操作系统:Ubuntu 16.04堆栈 - Scrapy 1.0.3 + Selenium我对scrapy很陌生,这听起来可能很基本,但是在我的蜘蛛中,只有init"正在被执行.之后的任何代码/函数都不会被调用,蜘蛛就会停止.

OS: Ubuntu 16.04 Stack - Scrapy 1.0.3 + Selenium I'm pretty new to scrapy and this might sound very basic, But in my spider, only "init" is being getting executed. Any code/function after that is not getting called and thhe spider just halts.

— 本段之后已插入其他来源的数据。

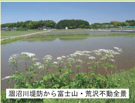
酒沼川堤防から富士山・荒沢不動全景

工業団地内に整備された石塚街道（県道石岡城里線）バイパスの南側への延長工事が進んでいます。仁吉田・長兎路地区の水田から工事が進んで、高台の荒沢不動のある富士山の西側を通る予定です。消防分団の機械置場の西側の道路が千数百年後の今に残る古代の官道跡（奈良時代）で、交差する形で工業団地内に北上して繋がることとなります。富士山には、荒沢不動が祀られており、荒沢不動七つ池があったと云われ、農業用水としても活用されてきました。一部の池敷は、消防分団の機械置場などが設置され、七つを数えることはできません。仁吉田地
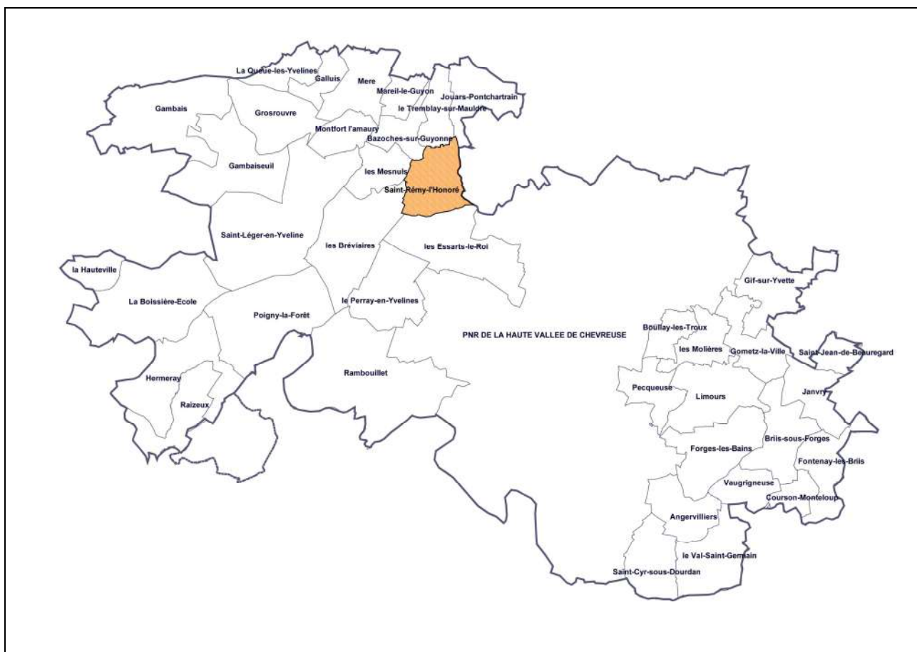
Localisation de Saint-Rémy-l'Honoré par rapport au PNR et aux autres communes favorables à leur rattachement – Kargo 2008
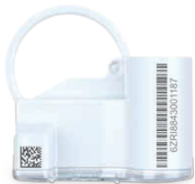
Joonis 2 : Moodul fiksaatorrõnga ja kruviga (EDC-C)

Sõltuvalt arvesti registri versioonist (standard kuivloendur või vaskhülsiga versioon) on olemas kaks erinevat mooduli versiooni.
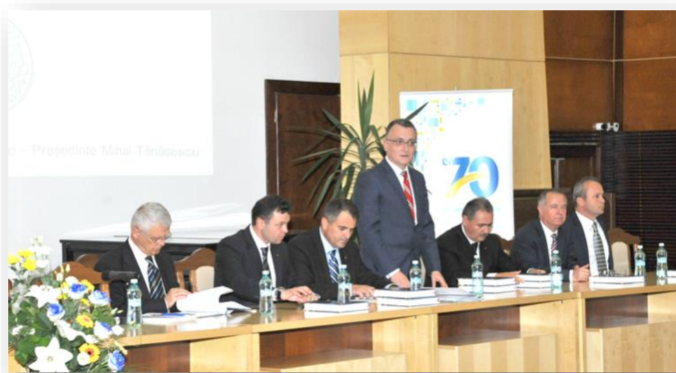
Foto: Ședința Consiliului Național al Rectorilor

Evenimentul va avea loc în data de 23 mai, la Universitatea de Vest din Timișoara.

class CancerForumSpider(scrapy.Spider):
    name = "mainpage_spider"
    allowed_domains = ["cancerforums.net"]
    start_urls = [
        "http://www.cancerforums.net/forums/14-Prostate-Cancer-Forum"
    ]

    def __init__(self,*args,**kwargs):
        self.browser=webdriver.Firefox()
        self.browser.get("http://www.cancerforums.net/forums/14-Prostate-Cancer-Forum")
        print "----------------Going to sleep------------------"
        time.sleep(5)
        # self.parse()

    def __exit__(self):
        print "------------Exiting----------"
        self.browser.quit()

    def parse(self,response):
        print "----------------Inside Parse------------------"
        print "------------Exiting----------"
        self.browser.quit()

蜘蛛获取浏览器对象,打印Going to sleep"然后停止.它不会进入解析函数.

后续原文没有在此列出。